Another headache is resulting from the 2007 leveraged buyout of Archstone, in which Tishman and Lehman each put up $250 million in equity for control of the company. Lehman also cobbled together a $20 billion financing package, with $7 billion sold to Fannie Mae and $2 billion to Freddie Mac. Lehman, Barclays PLC and Bank of America Corp. together provided a $4.6 billion bridge-equity loan to get the deal done.

Archstone has struggled to sell buildings to pay down debt. The properties are current on their debt service but needed a capital infusion earlier this year. Lehman received the bankruptcy court approval to put $230 million more into Archstone, hoping its big city luxury apartments regain their value on the other end of the recession.

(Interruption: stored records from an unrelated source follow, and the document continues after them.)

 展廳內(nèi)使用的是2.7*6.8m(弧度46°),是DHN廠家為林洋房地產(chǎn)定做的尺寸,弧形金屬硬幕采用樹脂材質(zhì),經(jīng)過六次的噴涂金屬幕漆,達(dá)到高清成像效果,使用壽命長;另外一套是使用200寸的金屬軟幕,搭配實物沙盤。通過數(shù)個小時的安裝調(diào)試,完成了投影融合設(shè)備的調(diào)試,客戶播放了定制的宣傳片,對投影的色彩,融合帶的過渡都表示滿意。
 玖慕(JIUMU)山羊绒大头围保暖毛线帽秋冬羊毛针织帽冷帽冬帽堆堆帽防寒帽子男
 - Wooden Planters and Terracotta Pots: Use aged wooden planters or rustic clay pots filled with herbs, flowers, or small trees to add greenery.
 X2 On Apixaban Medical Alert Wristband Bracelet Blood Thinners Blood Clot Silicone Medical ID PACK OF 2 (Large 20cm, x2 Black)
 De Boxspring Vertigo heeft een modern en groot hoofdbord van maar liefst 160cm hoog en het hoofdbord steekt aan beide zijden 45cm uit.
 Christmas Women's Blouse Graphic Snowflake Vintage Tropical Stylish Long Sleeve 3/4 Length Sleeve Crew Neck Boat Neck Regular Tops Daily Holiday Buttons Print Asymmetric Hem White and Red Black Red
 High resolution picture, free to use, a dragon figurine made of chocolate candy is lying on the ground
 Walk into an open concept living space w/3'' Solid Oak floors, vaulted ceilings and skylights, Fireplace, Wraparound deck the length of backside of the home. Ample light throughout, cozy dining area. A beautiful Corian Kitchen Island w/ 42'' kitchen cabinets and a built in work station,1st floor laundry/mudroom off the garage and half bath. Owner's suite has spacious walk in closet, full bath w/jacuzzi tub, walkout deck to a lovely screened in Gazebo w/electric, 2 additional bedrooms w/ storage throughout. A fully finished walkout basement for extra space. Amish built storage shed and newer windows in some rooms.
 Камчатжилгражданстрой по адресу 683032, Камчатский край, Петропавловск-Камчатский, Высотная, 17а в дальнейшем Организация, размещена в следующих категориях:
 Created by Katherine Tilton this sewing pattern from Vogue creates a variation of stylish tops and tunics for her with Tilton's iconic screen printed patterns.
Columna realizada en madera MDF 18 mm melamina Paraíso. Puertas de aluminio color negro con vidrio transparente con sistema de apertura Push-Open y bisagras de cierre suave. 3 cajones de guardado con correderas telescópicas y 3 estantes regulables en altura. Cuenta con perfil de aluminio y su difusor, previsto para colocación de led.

An even bigger problem is the Peter Cooper Village and Stuyvesant Town transaction. A venture of Tishman and BlackRock Realty Advisors financed its $5.4 billion purchase of the complex with $4.4 billion in debt. As the weakening New York economy hinders the venture's ability to boost the rental income of the complex, the project is running the risk of defaulting.

The venture is burning through its interest reserve used to pay the difference between the property's cash flow and debt service. It is expected to be depleted by early next year. In the past, the partnership has said it would put up more capital as needed.

Jerry Speyer said that any potential loss in his company's troubled deals represent only a "small part" of the profits it has reaped over the years. "If you don't take any risks, you don't have any rewards," he said.